Given that the intensity function for the [math]\displaystyle{ {{q}^{th}} }[/math] system is [math]\displaystyle{ {{u}_{q}}(t)={{\lambda }_{q}}{{\beta }_{q}}{{t}^{{{\beta }_{q}}-1}} }[/math] , test the hypothesis that [math]\displaystyle{ {{\beta }_{1}}={{\beta }_{2}} }[/math] while assuming a significance level equal to 0.05. Calculate [math]\displaystyle{ {{\tilde{\beta }}_{1}} }[/math] and [math]\displaystyle{ {{\tilde{\beta }}_{2}} }[/math] using Eqn. (CondBeta).

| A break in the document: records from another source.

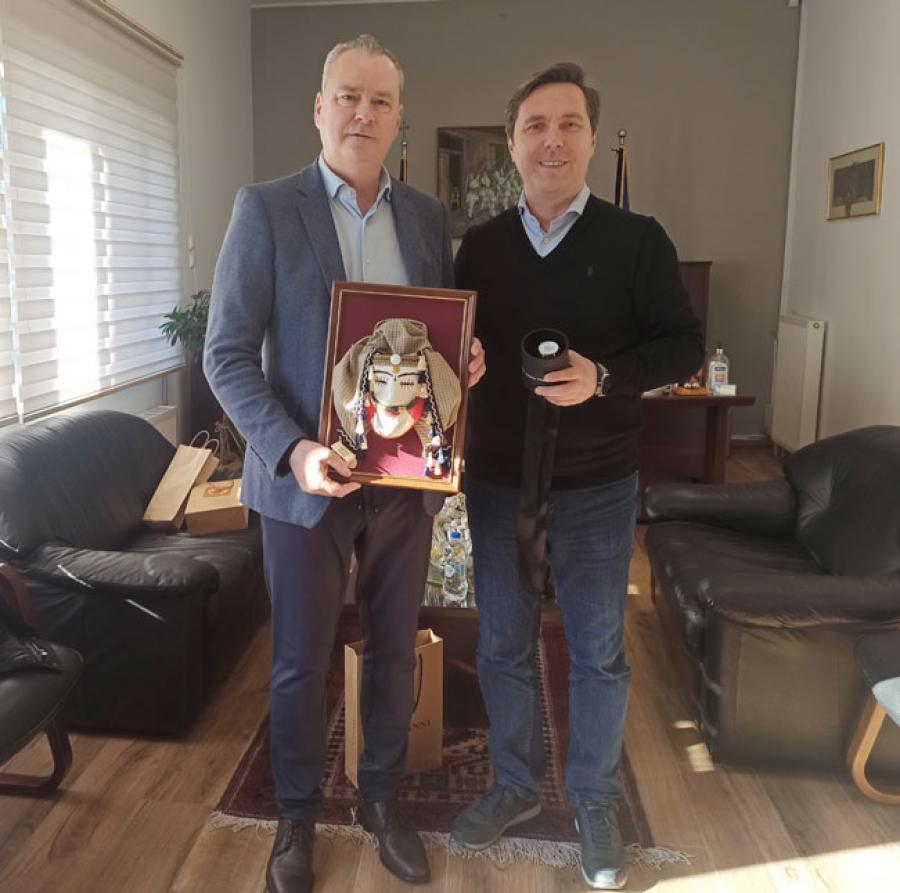Τον Δήμαρχο Κατερίνης Κώστα Κουκοδήμο υποδέχτηκε σήμερα Τρίτη (27.12.2022) στο δημαρχείο ο Δήμαρχος Νάουσας Νικόλας Καρανικόλας, με τον οποίο αντάλλαξαν ευχές και συζήτησαν θέματα χωροταξίας και υποδομών, καθώς ο κ. Κουκοδήμος είναι και Πρόεδρος της Επιτροπής της Κεντρικής Ένωσης Δήμων Ελλάδας (ΚΕΔΕ) για θέματα χωροταξίας, υποδομών και δικτύων.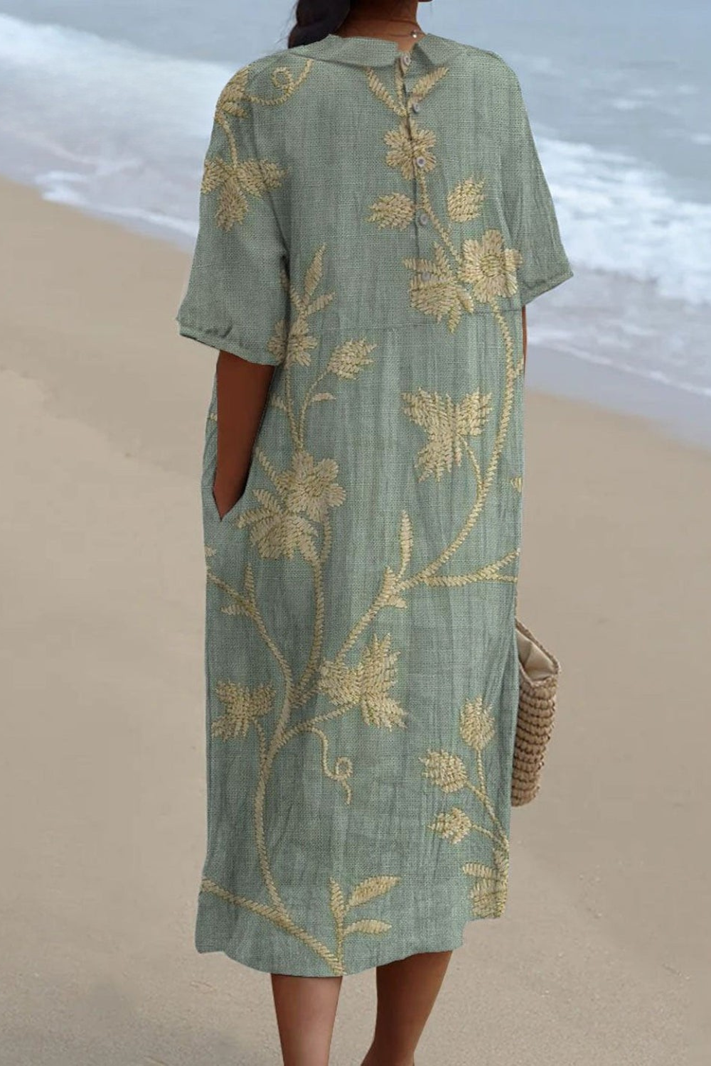 Meet Merel, the dress that radiates calm and elegance. The soft green hue and delicate embroidered flowers create a natural and refined appearance. The loose fit, short sleeves, and button opening at the back make it stylish and practical.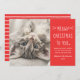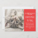 Una tarjeta perfecta para presumir de su nuevo gatito de cuarentena o de su mejor amigo peludo! Esta divertida tarjeta de fotos con temas de gatitos "Navidades Meowy para ti" incluye una foto de tu bebé junto a texto escrito a mano y texto personalizado que puedes personalizar con un simple mensaje de vacaciones de deseos cálidos y acogedores, el nombre de tu gato y tu apellido / familia. El diseño moderno y minimalista incluye un fondo rojo naranja festivo y whiskys blancos y acentos cardíacos. Un patrón de franjas horizontales blancas abstractas se viste por la parte posterior de la tarjeta.

Therefore:

[math]\displaystyle{ \begin{align} & {{{\tilde{\beta }}}_{1}}= & 0.3753 \\ & {{{\tilde{\beta }}}_{2}}= & 0.4657 \end{align} }[/math]

Then [math]\displaystyle{ \tfrac{{{{\tilde{\beta }}}_{2}}}{{{{\tilde{\beta }}}_{1}}}=1.2408 }[/math] . Using Eqn. (ftatistic) calculate the statistic [math]\displaystyle{ F }[/math] with a significance level of 0.05.

[math]\displaystyle{ F=2.0980 }[/math]

Since [math]\displaystyle{ 1.2408\lt 2.0980 }[/math] we fail to reject the null hypothesis that [math]\displaystyle{ {{\beta }_{1}}={{\beta }_{2}} }[/math] at the 5% significance level. Now suppose instead it is desired to test the hypothesis that [math]\displaystyle{ {{\beta }_{1}}={{\beta }_{2}}={{\beta }_{3}} }[/math] . Calculate the statistic [math]\displaystyle{ D }[/math] using Eqn. (Dtatistic).

[math]\displaystyle{ D=0.5260 }[/math]

Using the Chi-Square tables with [math]\displaystyle{ K-1=2 }[/math] degrees of freedom, the critical values at the 2.5 and 97.5 percentiles are 0.1026 and 5.9915, respectively. Since [math]\displaystyle{ 0.1026\lt D\lt 5.9915 }[/math] , we fail to reject the null hypothesis that [math]\displaystyle{ {{\beta }_{1}}={{\beta }_{2}}={{\beta }_{3}} }[/math] at the 5% significance level.